What is the best practice to start a service that never stops? I have to be able to send a notification at specific times. As stated Here work manager, alarm manager, jobintent service(or any other service) wont work properly on custom OS devices such as Xiaomi. Some methods like this may be good for anroid O+ (considering the restrictions on background services) but does not work on custom OS devices with battery optimizations such as Xiaomi. I even raised this Issue tracker and they confirmed that this problem is real with custom OS devices! (They said they are talking to them to do something about it!)

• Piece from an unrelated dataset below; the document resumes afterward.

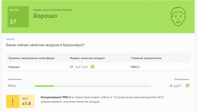 При этом на сайте IQAir указано, что к 20 марта этого года частиц PM2.5 в красноярском воздухе уже значительно меньше – 8.5 мкг/м³. По стандартам Всемирной организации здравоохранения норма – 5 мкг/м³.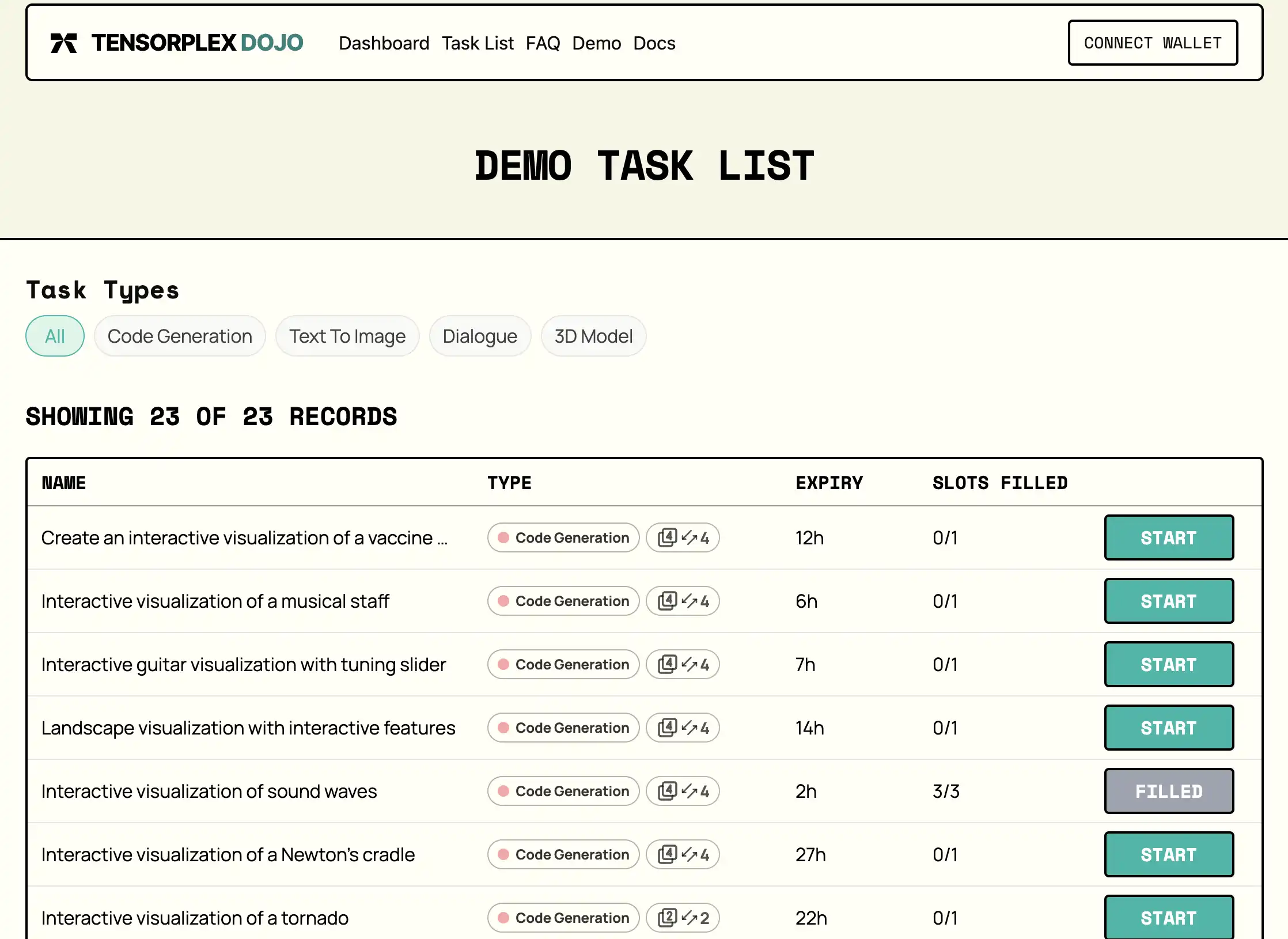 主要工作流程就是,任何人都可以用 LLM 生成独特的合成任务「可能是游戏物理反馈、生成图像的质量、以及物理算法等等」。通过 Dojo 收集「人工」反馈数据加入响应混淆技术。

Any way, I found an app that managed to send notification on very exact times. It works perfectly on all devices. Out of curiosity, I decompiled their app. Most of the code was unreadable, but I found a class names WakeFulBroadcasReceiver that seems like it is starting many services and instantiating many wakelocks. But I couldn't figure out how they are actually doing it. Here is the part of code that was intact:
public abstract class WakefulBroadcastReceiver extends BroadcastReceiver {
public static final String EXTRA_WAKE_LOCK_ID = "androidx.contentpager.content.wakelockid";
public static int mNextId = 1;
public static final SparseArray<PowerManager.WakeLock> sActiveWakeLocks = new SparseArray<>();
public static boolean completeWakefulIntent(Intent intent) {
int intExtra = intent.getIntExtra(EXTRA_WAKE_LOCK_ID, 0);
if (intExtra == 0) {
return false;
}
synchronized (sActiveWakeLocks) {
PowerManager.WakeLock wakeLock = sActiveWakeLocks.get(intExtra);
if (wakeLock != null) {
wakeLock.release();
sActiveWakeLocks.remove(intExtra);
return true;
}
Log.w("WakefulBroadcastReceiv.", "No active wake lock id #" + intExtra);
return true;
}
}
public static ComponentName startWakefulService(Context context, Intent intent) {
synchronized (sActiveWakeLocks) {
int i2 = mNextId;
int i3 = mNextId + 1;
mNextId = i3;
if (i3 <= 0) {
mNextId = 1;
}
intent.putExtra(EXTRA_WAKE_LOCK_ID, i2);
ComponentName startService = context.startService(intent);
if (startService == null) {
return null;
}
PowerManager.WakeLock newWakeLock = ((PowerManager) context.getSystemService("power")).newWakeLock(1, "androidx.core:wake:" + startService.flattenToShortString());
newWakeLock.setReferenceCounted(false);
newWakeLock.acquire(OpenStreetMapTileProviderConstants.ONE_MINUTE);
sActiveWakeLocks.put(i2, newWakeLock);
return startService;
}
}
}
It seems like they are having an array of Wakelocks which is very weird. Do you have any Idea what might be the work around to have a background service that always work in this cusomt OS devices?